Bjarn Zorgdrager

Personal information
- Date of birth: 13 April 2004 (age 22)
- Place of birth: Terschelling, Netherlands
- Position: Right back

Team information
- Current team: RKC Waalwijk
- Number: 2

Youth career
- 2019–2025: SC Cambuur

Senior career*
- Years: Team / Apps / (Gls)
- 2025–: RKC Waalwijk / 5 / (0)

= Bjarn Zorgdrager =

Dutch footballer (born 2004)

Bjarn Zorgdrager (born 13 April 2004) is a Dutch professional footballer who plays for Eerste Divisie club RKC Waalwijk, primarily as a right back.

== Youth career ==
Zorgdrager, who began his youth career at SC Terschelling, became a part of the SC Cambuur youth system at age 11, staying with a host family in Leeuwarden. In the season before he signed with Waalwijk, he played 26 of the 28 league games for Cambuur.

== Club career ==

=== RKC Waalwijk ===
After being relegated to the Eerste Divisie in the 2024–25 season, RKC Waalwijk sought to improve their defense. Waalwijk announced the signing of Zorgdrager from SC Cambuur in June 2025, after having already announced the signing of goalkeeper Xander Mulder from FC Twente.

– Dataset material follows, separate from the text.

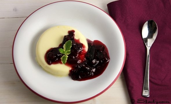 When you are ready to serve and the panna cotta is set, remove from the fridge. Place the bottom of the mould in a bowl of boiling water for just a few brief seconds. Dip a sharp knife into the boiling water. Trace the edges of the panna cotta with the sharp knife and remove by up-ending the ramekin onto a plate. Place a small spoonful of the compote on the side. If you don’t like cherries, you could equally serve this dessert with rhubarb, strawberry, apricot, blackcurrant and lots of other compotes.

However, injuries during the pre-season kept Zorgdrager recovering for several months. His debut for Waalwijk came on 20 October in a 1–2 victory against FC Dordrecht, where he was subbed out in the 46th minute due to injury concerns. In December 2025, a knee injury against VVV-Venlo left him out of the team for months.